## Extracted information
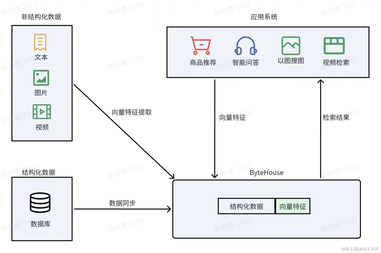 作为一款OLAP引擎,ByteHouse在支持结构化数据的单表、多表复杂查询计算基础上,扩展了向量检索能力,支持向量数据存储、索引和高效检索,从而支持商品推荐、智能问答系统、图片搜索、视频检索等应用场景。
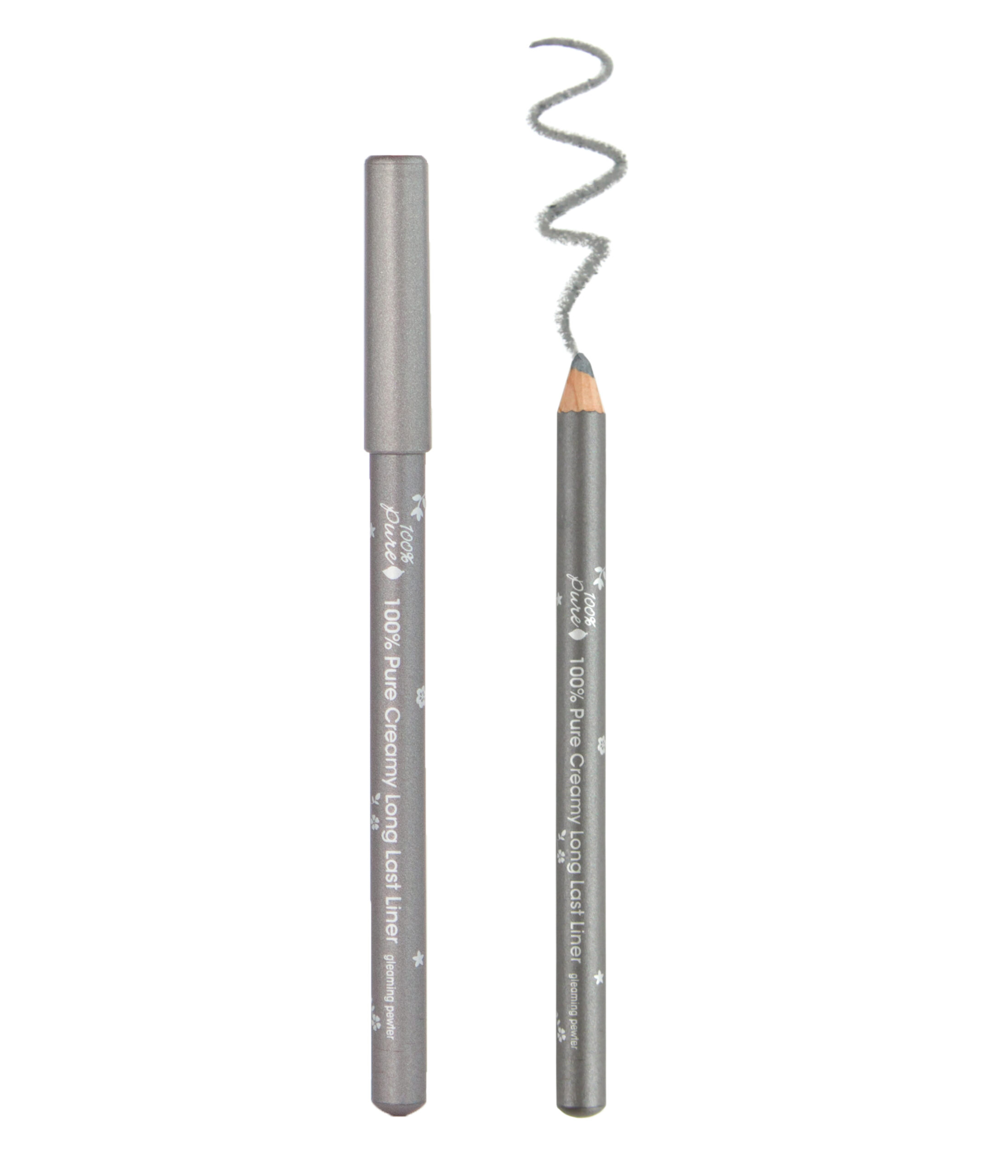 100% Pure Creamy Long Last Pencil Liner – Gleaming Pewter (grå/sølvgrå) er lett å påføre, den sitter godt og varer lenge.
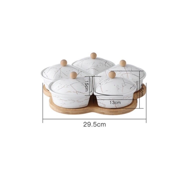 – Sản phẩm gồm có: 5 hũ sứ và 1 khay trúc.
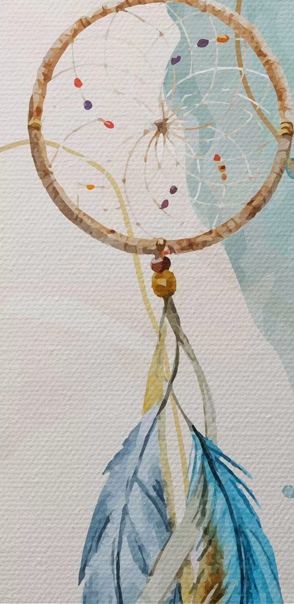 Picturi rotunde acuarelă, prinzător de vise, pene, pastel r38330
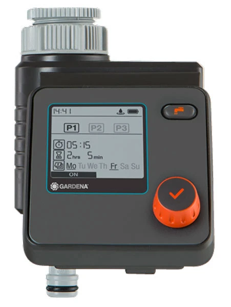 Mit der GARDENA Bewässerungssteuerung Select lässt sich die Bewässerung flexibel und individuell planen. Bis zu drei unterschiedliche und unabhängige Zeitpläne können erstellt werden. Die Steuerung ist batteriebetrieben, wird direkt an den Wasserhahn angeschlossen und lässt sich leicht durch nur einen Dreh- und Drückschalter zur Auswahl der Daten und zur Bestätigung bedienen. Ein gut lesbares LC-Display zeigt alle Einstellungen auf einen Blick an. Die wetterbeständige Bedieneinheit ist abnehmbar. Die Bewässerungssteuerung Select kann in Kombination mit einem GARDENA Bodenfeuchtesensor eingesetzt werden.
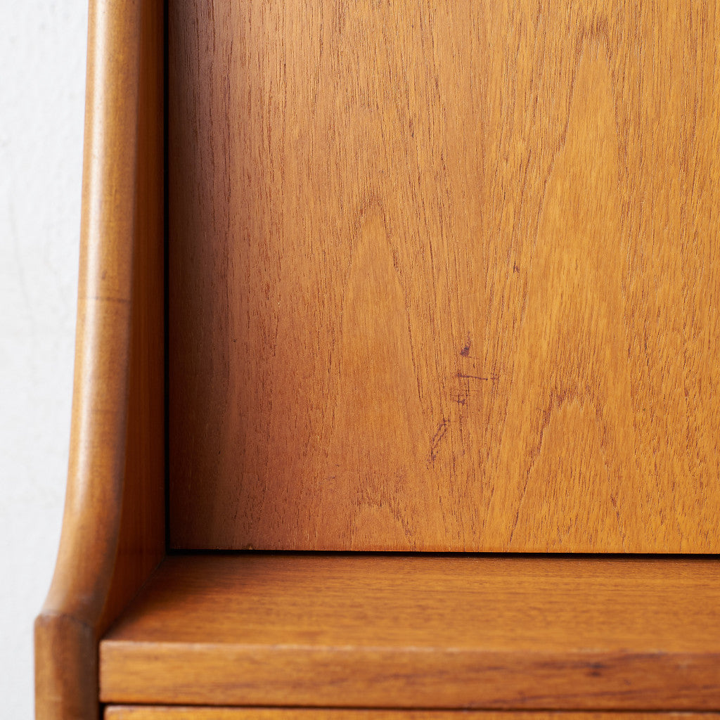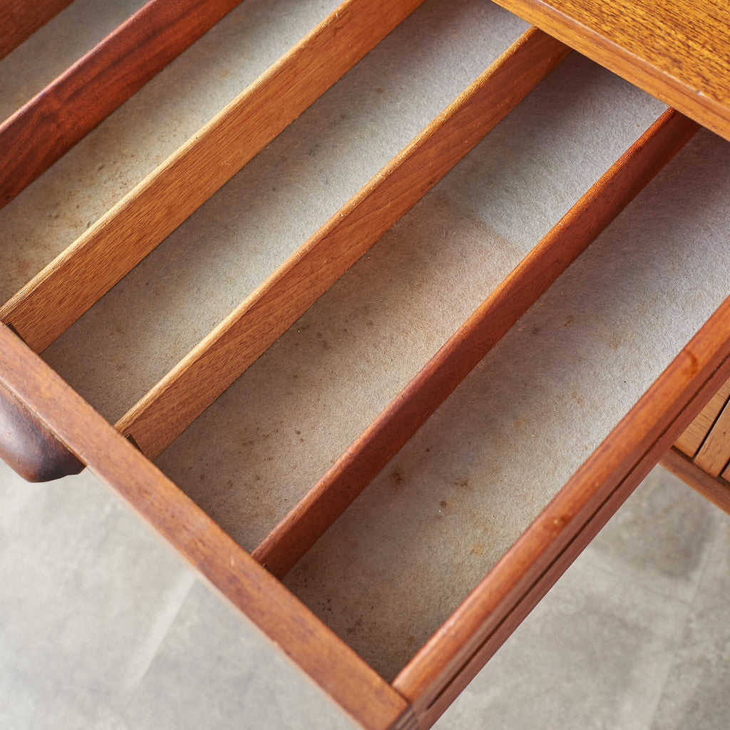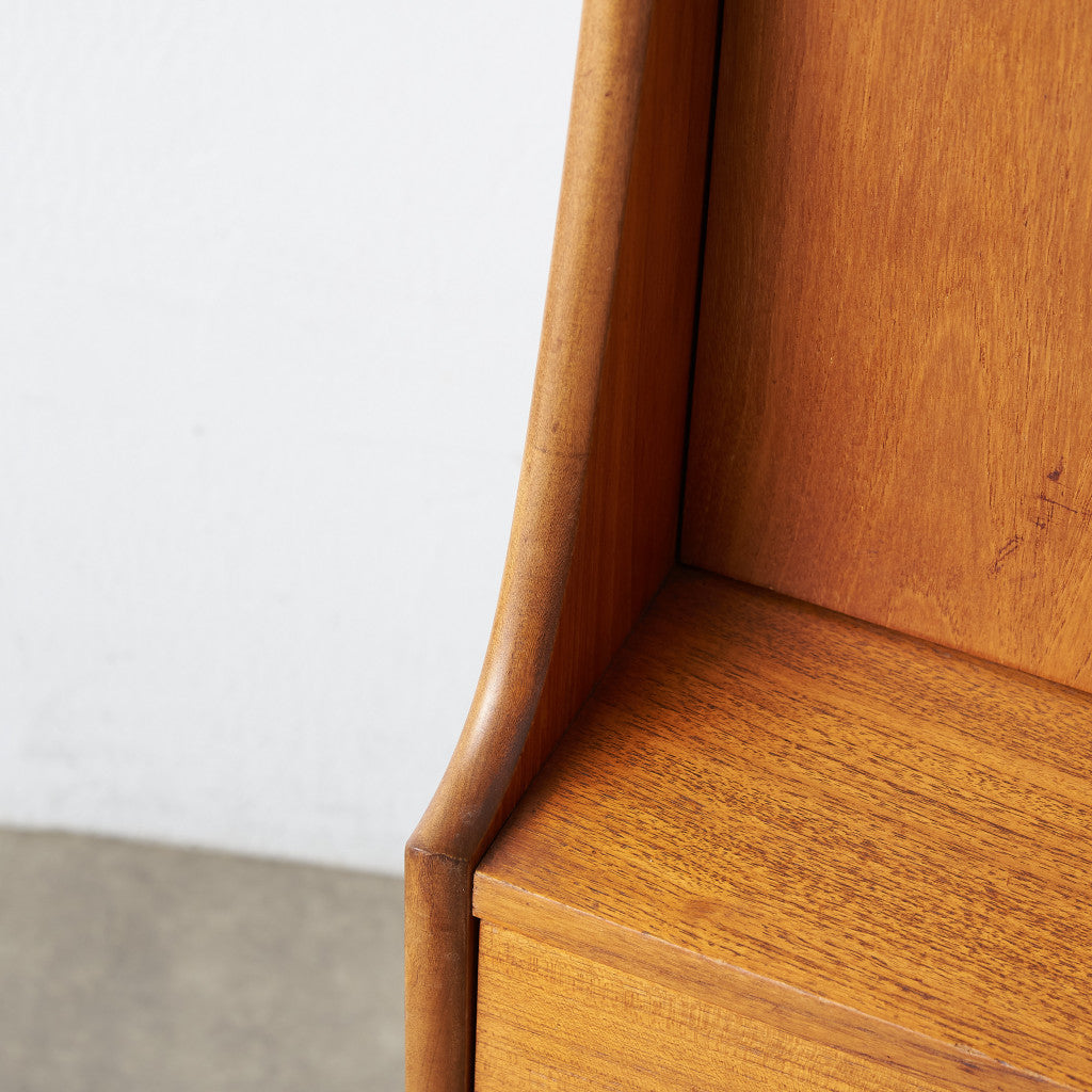 ブラジリアシリーズの中でも人気の高いハイサイドボード。一般的なサイドボードより背の高いハイタイプで、大容量の収納を備えています。開閉式のデスクスペース(ビューロ)、オープンな収納スペースがあるのでディスプレイも楽しむことができ、食器棚、リビングの補助収納、書斎の本棚兼デスクなど、様々な用途に合わせお使いいただけます。艶のある無垢材で作られた巻貝のような削り出し取っ手、脚と脚をつなぐ緩やかなカーブが美しい貫のデザイン、スラリと伸びたテーパードの脚など、シンプルなデザインながら機能性と個性が光る名品です。
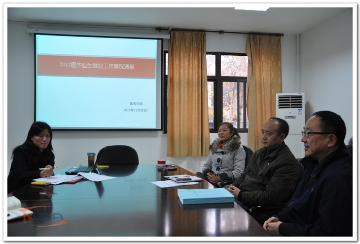 11月22日,航天学院召开党政联席(扩大)会议。会议对2012届就业工作进行了总结,分析了2013届就业工作的形势和困难,并探讨应对措施。航天学院全体党政领导、系主任、毕业班班主任和辅导员参加了会议。会议由航天学院党委书记刘建成主持。 学院党委书记刘建成指出,首先要认清形势、其次要调整心态、最后要把握核心工作。他说,全院上下要统一思想、全员参与、不怕困难,挖掘资源,拓宽航天学院毕业生的就业渠道,保质保量地完成2013届毕业生就业工作。 院长陆宇平提出了三点要求:第一,所有专业老师都要关心自己的学生,关心学生的职业生涯和就业是教师的天职;第二,各系要探寻就业机制、对学生的考研、就业做好正确的指导;第三,就业工作要与学风建设相结合,专业建设要与学生的职业生涯规划相结合。航天学院党委副书记戴泉晨对2012届院内外毕业生就业工作进行了简单总结,并对2013届学院毕业生就业形势进行了分析和对策建议。她指出,航天学院就业工作面临毕业生人数增加、用人单位要求更高的现状,国防单位招聘指标缩减,就业工作形势较为严峻。
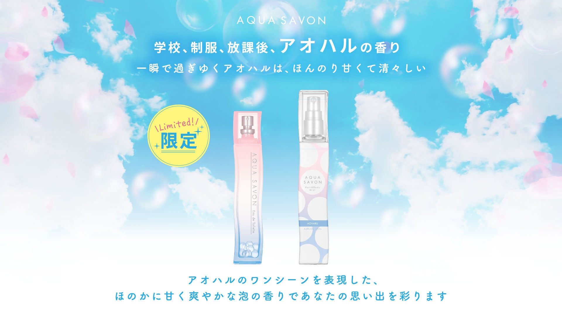 『「アクア シャボン」の甘く爽やかな香りがアオハルの楽しい記憶につながる』をコンセプトに、基幹商品「オードトワレ」と若年ユーザーの多い「ヘアー&ボディミスト」からアオハルを想起させる限定の香り「学校、制服、放課後、アオハルの香り」発売に併せて『アオハルシャボン』キャンペーンを開催。アオハルの楽しい思い出と「アクア シャボン」の香りの記憶が結びつくことで、10代のアオハルを盛り上げながら、20代以上にはアオハル時代を懐かしく感じていただける企画です。
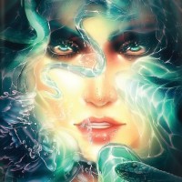 a serene expression on her face and is looking slightly to the side. There are various elements around her that seem to be oceanic or underwater in nature, such as bubbles and possibly seaweed or other
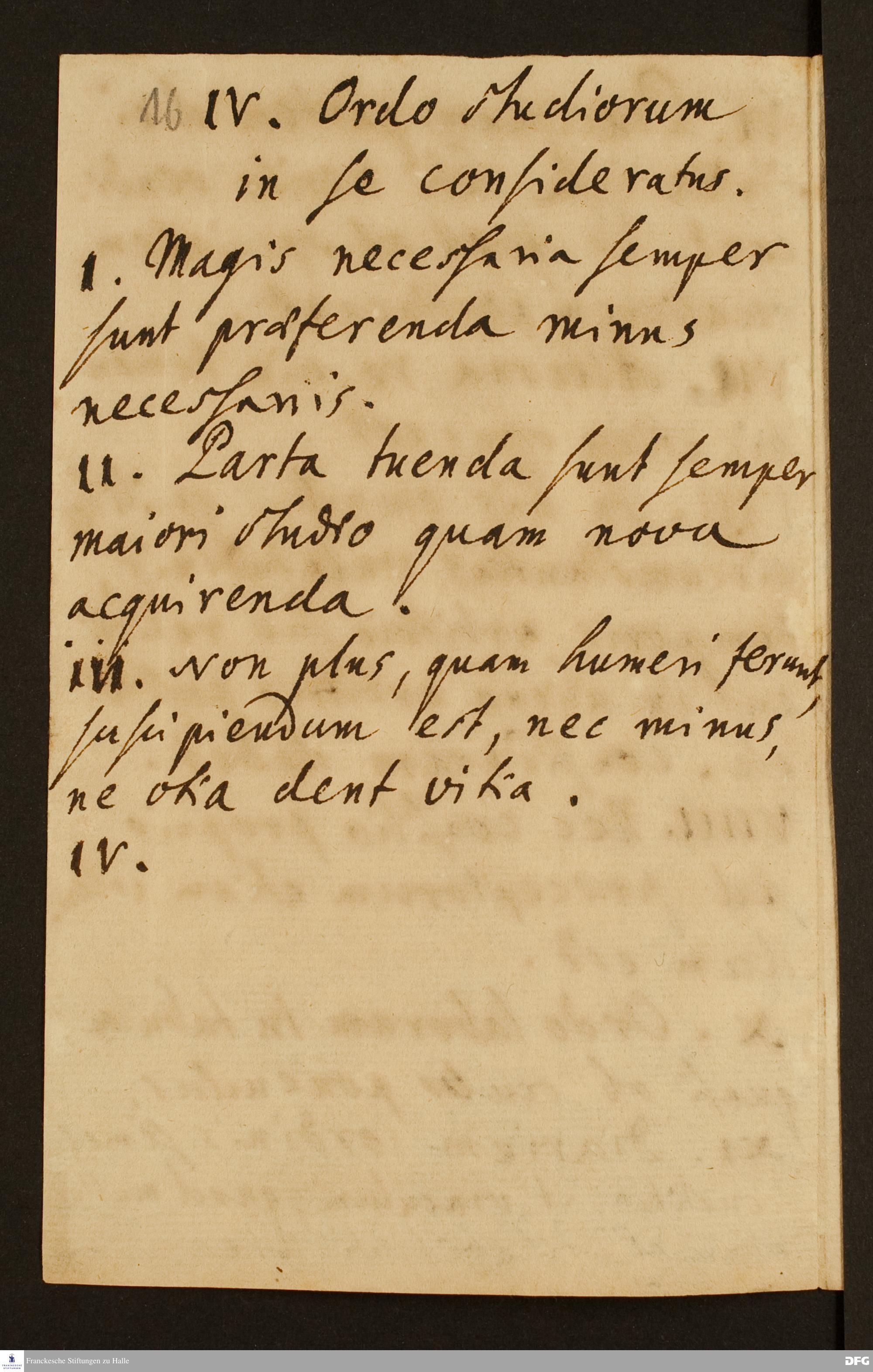 Disposition des Collegium paraeneticum methodologicum von August Hermann Francke am 14.04.1722.
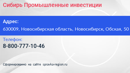 Сибирь-Промышленные инвестиции по адресу 630009, Новосибирская область, Новосибирск, Обская, 50 в дальнейшем Организация, размещена в следующих категориях:
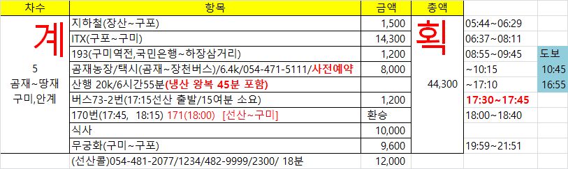 처음 계획을 잡을땐 최종 날머리 낙동정류소에 시외버스가 다녔는데 요즘은 폐지된것 같아 날머리 탈출을 고민 했는데 선산~낙동간 시내버스가 있다. 17시45분 버스를 내심 기대했는데 놓치고 18시 버스에 오른다. 기사님께 소요시간을 여쭈니 약 40분 걸린단다 19시59분 차를 예매했는데코레일톡 모바일앱 이용시 1회에 한하여 열차 변경이 가능하네요. 18시45분차가 있어 18시37분 구미역 전(국민은행)에 하차하여 신호빨 받고 플랫폼까지 달렸더니 3분만에 도착했습니다. 그리고 18시45분 열차로 변경해 귀가 합니다
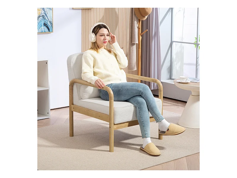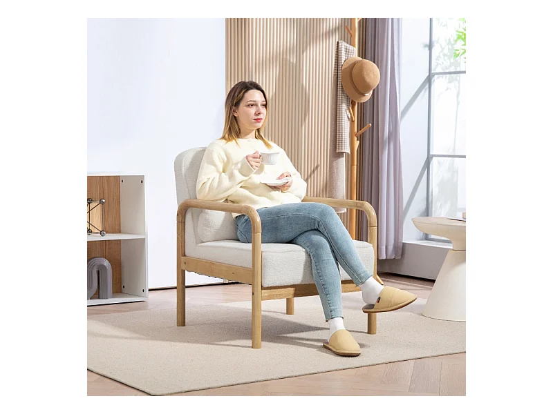 Fauteuil lounge bouclé con accoudoirs siège large rembourré pour salon chambre blanc
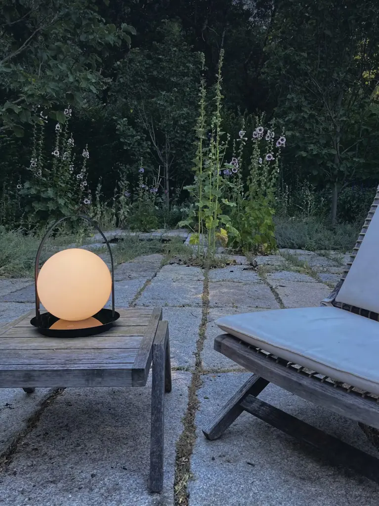The perfect light companion for social gatherings indoors or out, the Bola Lantern (2021) is rechargeable and dimmable. One charge lasts 10-400 hours depending on brightness level, and the four-stage dimmer is easy to operate. Bulb (included): integrated LED, 3.2W, 280 lumens, 1800-2700K warm color temperature. Bring inside when not using; protect from inclement weather. Made in China.

## Task to complete
Start with the line above containing "ブラジリアシリーズの中でも人" and end with the line containing "Сибирь-Промышленные инвестиции по". Set down that stretch exactly, without any pictures.

## Response to this exercise
 ブラジリアシリーズの中でも人気の高いハイサイドボード。一般的なサイドボードより背の高いハイタイプで、大容量の収納を備えています。開閉式のデスクスペース(ビューロ)、オープンな収納スペースがあるのでディスプレイも楽しむことができ、食器棚、リビングの補助収納、書斎の本棚兼デスクなど、様々な用途に合わせお使いいただけます。艶のある無垢材で作られた巻貝のような削り出し取っ手、脚と脚をつなぐ緩やかなカーブが美しい貫のデザイン、スラリと伸びたテーパードの脚など、シンプルなデザインながら機能性と個性が光る名品です。
 11月22日,航天学院召开党政联席(扩大)会议。会议对2012届就业工作进行了总结,分析了2013届就业工作的形势和困难,并探讨应对措施。航天学院全体党政领导、系主任、毕业班班主任和辅导员参加了会议。会议由航天学院党委书记刘建成主持。 学院党委书记刘建成指出,首先要认清形势、其次要调整心态、最后要把握核心工作。他说,全院上下要统一思想、全员参与、不怕困难,挖掘资源,拓宽航天学院毕业生的就业渠道,保质保量地完成2013届毕业生就业工作。 院长陆宇平提出了三点要求:第一,所有专业老师都要关心自己的学生,关心学生的职业生涯和就业是教师的天职;第二,各系要探寻就业机制、对学生的考研、就业做好正确的指导;第三,就业工作要与学风建设相结合,专业建设要与学生的职业生涯规划相结合。航天学院党委副书记戴泉晨对2012届院内外毕业生就业工作进行了简单总结,并对2013届学院毕业生就业形势进行了分析和对策建议。她指出,航天学院就业工作面临毕业生人数增加、用人单位要求更高的现状,国防单位招聘指标缩减,就业工作形势较为严峻。
 『「アクア シャボン」の甘く爽やかな香りがアオハルの楽しい記憶につながる』をコンセプトに、基幹商品「オードトワレ」と若年ユーザーの多い「ヘアー&ボディミスト」からアオハルを想起させる限定の香り「学校、制服、放課後、アオハルの香り」発売に併せて『アオハルシャボン』キャンペーンを開催。アオハルの楽しい思い出と「アクア シャボン」の香りの記憶が結びつくことで、10代のアオハルを盛り上げながら、20代以上にはアオハル時代を懐かしく感じていただける企画です。
 a serene expression on her face and is looking slightly to the side. There are various elements around her that seem to be oceanic or underwater in nature, such as bubbles and possibly seaweed or other
 Disposition des Collegium paraeneticum methodologicum von August Hermann Francke am 14.04.1722.
 Сибирь-Промышленные инвестиции по адресу 630009, Новосибирская область, Новосибирск, Обская, 50 в дальнейшем Организация, размещена в следующих категориях:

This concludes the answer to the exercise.